• _Exercise brief_: In the listing below, find the line with "3月14日,16只个股龙虎榜" and copy every line from there up to and including the line with "För barn från", exactly and without pictures.

• _Data records_:
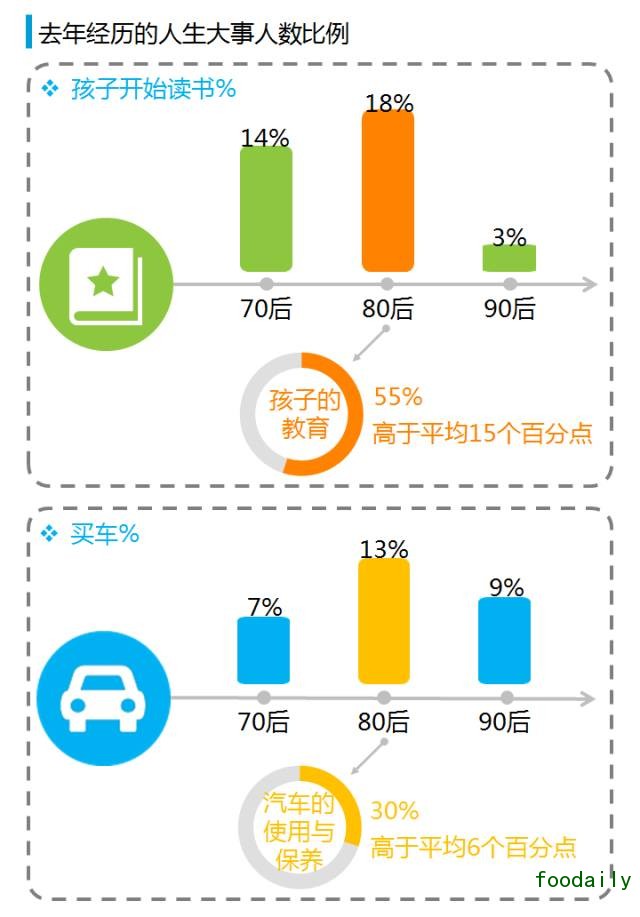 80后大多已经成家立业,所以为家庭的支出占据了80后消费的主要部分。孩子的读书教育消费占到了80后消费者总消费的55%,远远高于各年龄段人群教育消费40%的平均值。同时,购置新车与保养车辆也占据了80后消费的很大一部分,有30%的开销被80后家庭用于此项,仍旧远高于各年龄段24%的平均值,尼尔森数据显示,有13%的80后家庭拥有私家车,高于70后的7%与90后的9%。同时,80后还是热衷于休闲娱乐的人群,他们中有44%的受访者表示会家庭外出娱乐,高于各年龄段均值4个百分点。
--
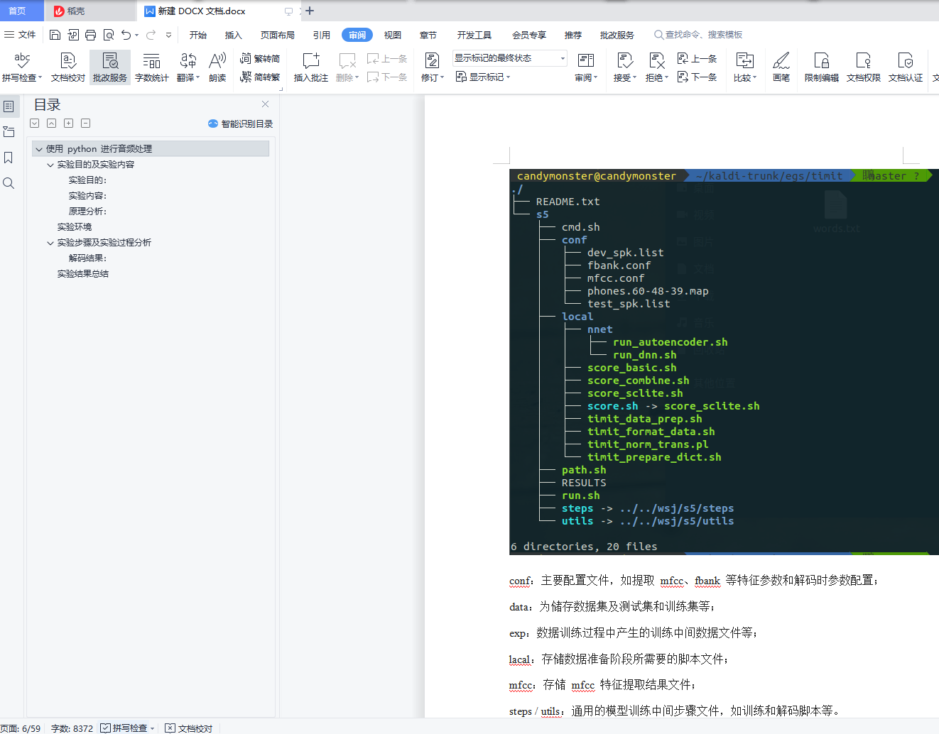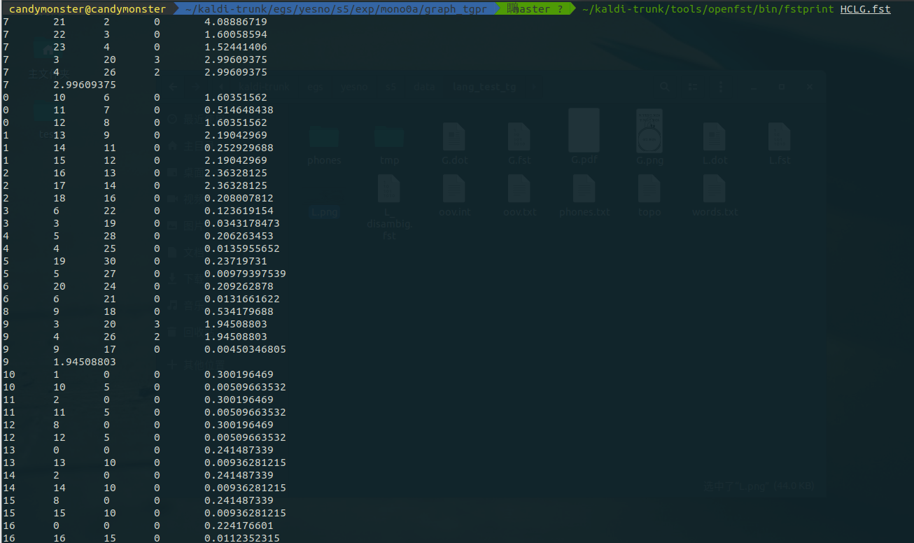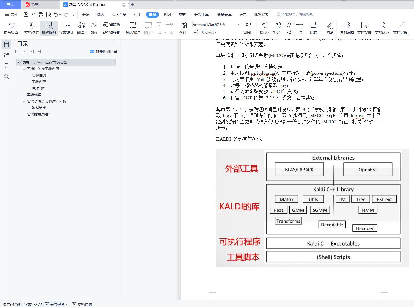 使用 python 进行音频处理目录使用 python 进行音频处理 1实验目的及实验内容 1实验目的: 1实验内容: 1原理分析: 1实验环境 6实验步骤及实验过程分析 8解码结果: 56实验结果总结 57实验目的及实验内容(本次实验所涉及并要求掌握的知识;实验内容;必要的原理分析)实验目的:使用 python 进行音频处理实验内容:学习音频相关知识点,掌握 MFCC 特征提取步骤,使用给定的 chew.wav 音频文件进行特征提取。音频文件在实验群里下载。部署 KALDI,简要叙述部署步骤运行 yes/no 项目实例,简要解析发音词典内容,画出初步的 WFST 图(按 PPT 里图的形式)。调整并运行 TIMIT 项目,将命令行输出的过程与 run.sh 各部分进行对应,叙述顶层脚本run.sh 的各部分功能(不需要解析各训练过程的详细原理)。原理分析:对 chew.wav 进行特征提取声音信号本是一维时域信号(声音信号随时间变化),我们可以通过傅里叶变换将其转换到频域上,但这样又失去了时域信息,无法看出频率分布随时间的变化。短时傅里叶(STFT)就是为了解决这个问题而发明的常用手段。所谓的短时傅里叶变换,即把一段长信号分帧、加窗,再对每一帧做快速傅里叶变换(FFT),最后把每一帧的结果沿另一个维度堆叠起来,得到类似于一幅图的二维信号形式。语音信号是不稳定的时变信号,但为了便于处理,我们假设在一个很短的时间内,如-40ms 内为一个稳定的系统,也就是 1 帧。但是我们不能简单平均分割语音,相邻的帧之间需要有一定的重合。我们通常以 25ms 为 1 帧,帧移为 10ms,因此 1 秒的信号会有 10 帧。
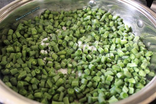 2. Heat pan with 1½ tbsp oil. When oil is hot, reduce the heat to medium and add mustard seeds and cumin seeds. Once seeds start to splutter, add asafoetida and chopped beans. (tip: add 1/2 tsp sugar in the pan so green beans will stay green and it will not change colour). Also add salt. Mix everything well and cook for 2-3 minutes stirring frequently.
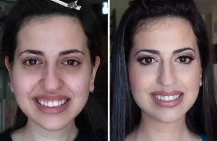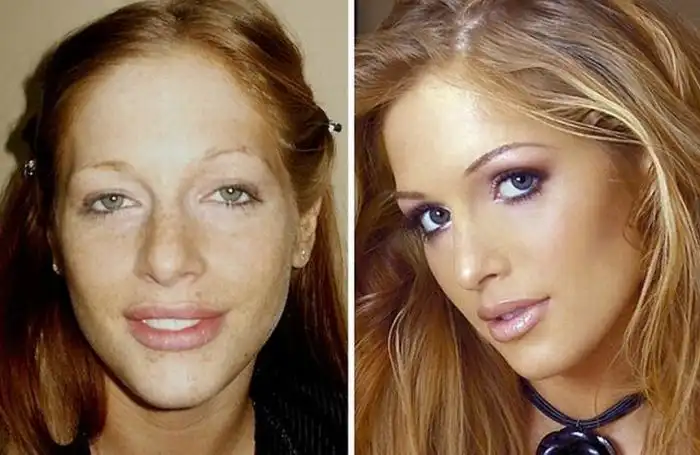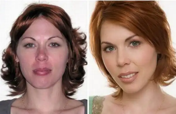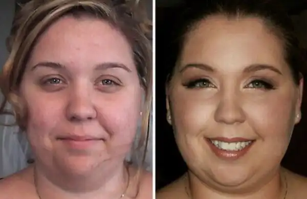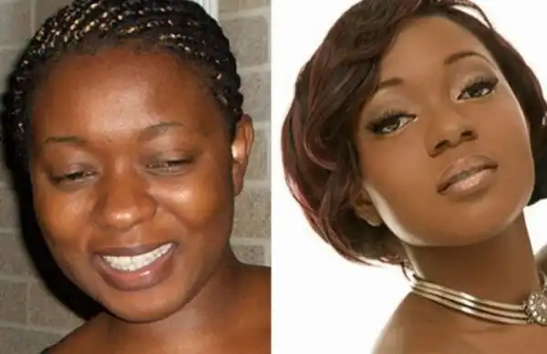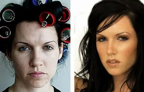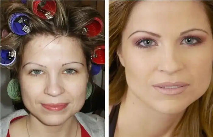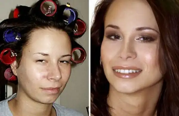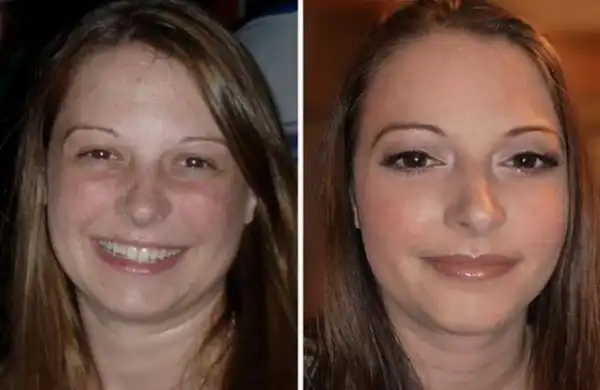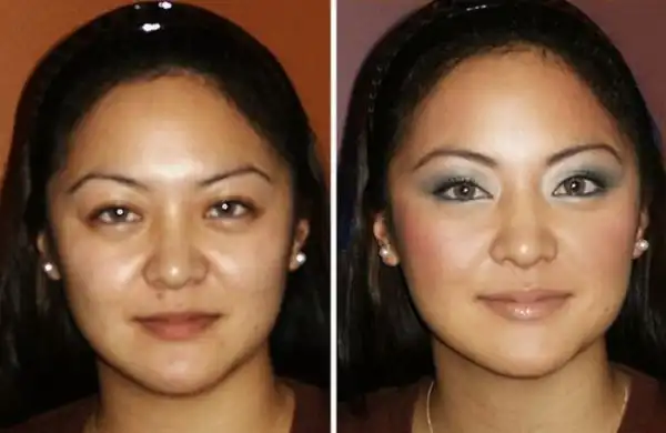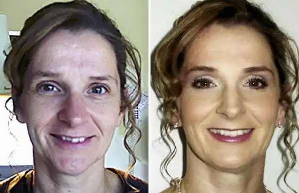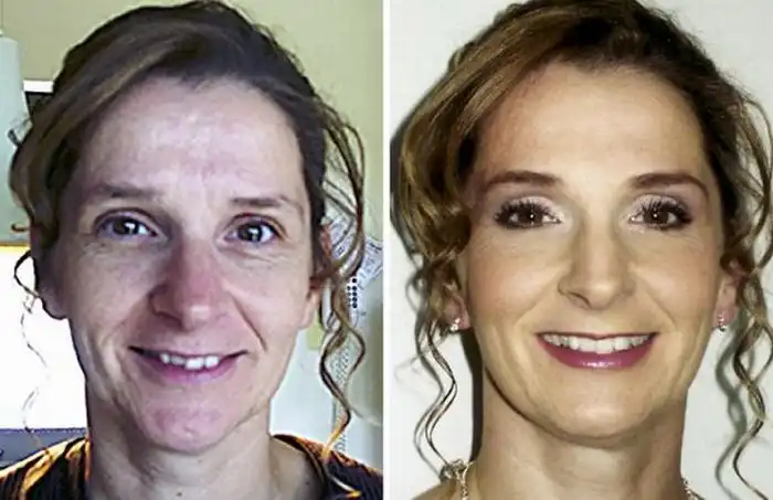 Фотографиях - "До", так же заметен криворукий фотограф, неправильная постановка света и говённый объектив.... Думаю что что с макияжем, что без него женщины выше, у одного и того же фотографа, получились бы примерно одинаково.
==
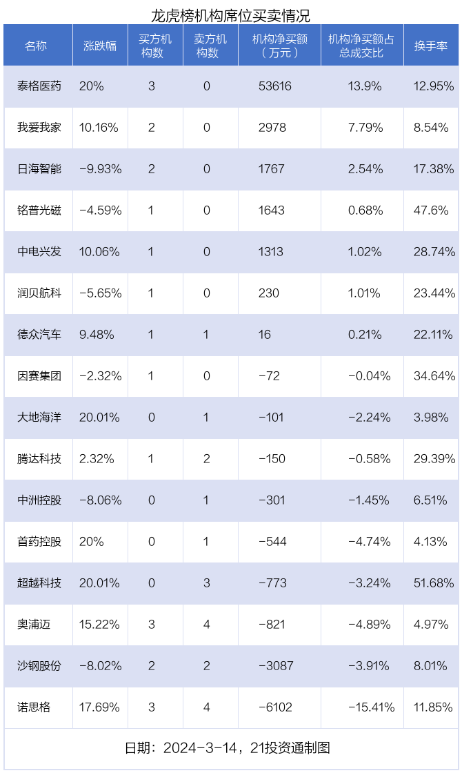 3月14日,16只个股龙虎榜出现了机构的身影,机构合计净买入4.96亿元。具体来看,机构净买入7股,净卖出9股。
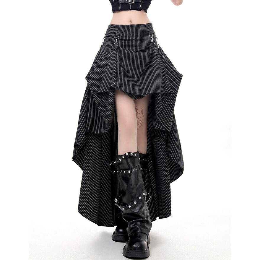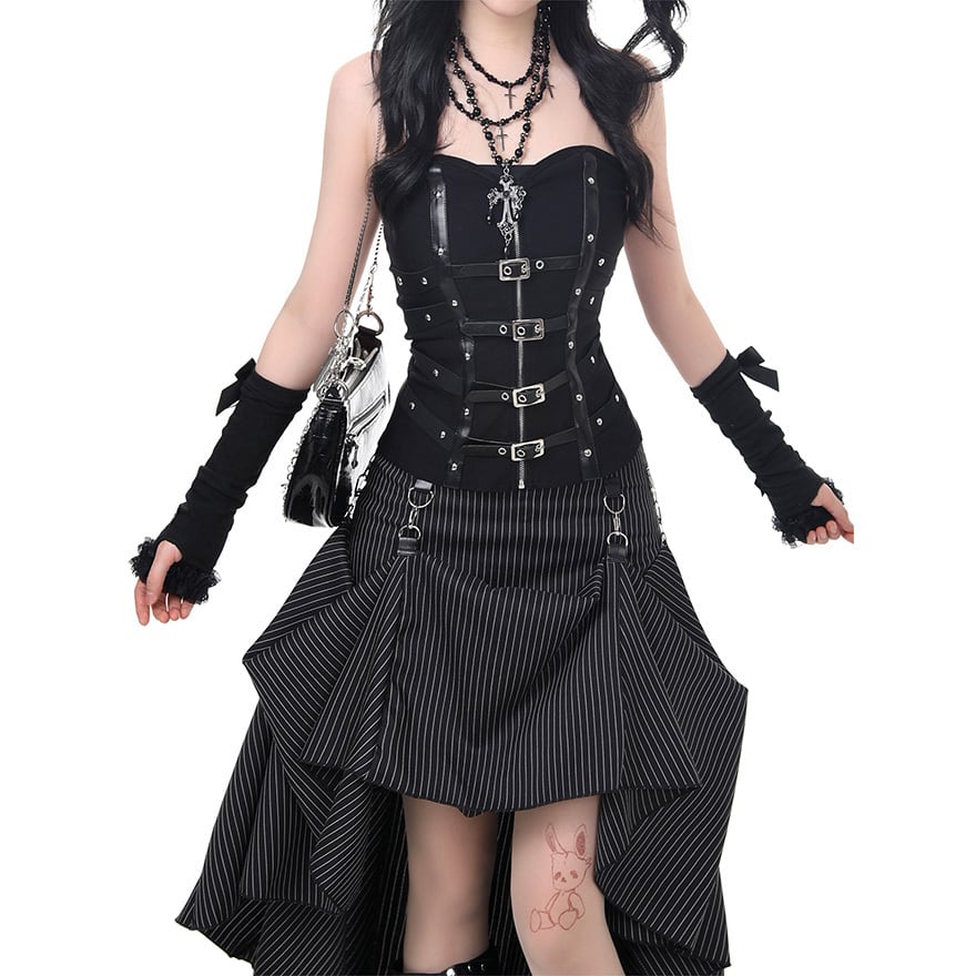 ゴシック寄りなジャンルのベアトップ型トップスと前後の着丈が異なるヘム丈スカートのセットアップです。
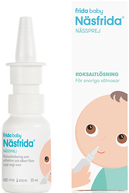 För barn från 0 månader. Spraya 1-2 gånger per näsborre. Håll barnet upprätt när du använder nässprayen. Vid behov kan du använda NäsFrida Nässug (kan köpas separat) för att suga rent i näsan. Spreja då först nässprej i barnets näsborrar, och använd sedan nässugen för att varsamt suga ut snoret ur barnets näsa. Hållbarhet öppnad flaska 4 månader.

• _Written solution_:
 3月14日,16只个股龙虎榜出现了机构的身影,机构合计净买入4.96亿元。具体来看,机构净买入7股,净卖出9股。
 ゴシック寄りなジャンルのベアトップ型トップスと前後の着丈が異なるヘム丈スカートのセットアップです。
 För barn från 0 månader. Spraya 1-2 gånger per näsborre. Håll barnet upprätt när du använder nässprayen. Vid behov kan du använda NäsFrida Nässug (kan köpas separat) för att suga rent i näsan. Spreja då först nässprej i barnets näsborrar, och använd sedan nässugen för att varsamt suga ut snoret ur barnets näsa. Hållbarhet öppnad flaska 4 månader.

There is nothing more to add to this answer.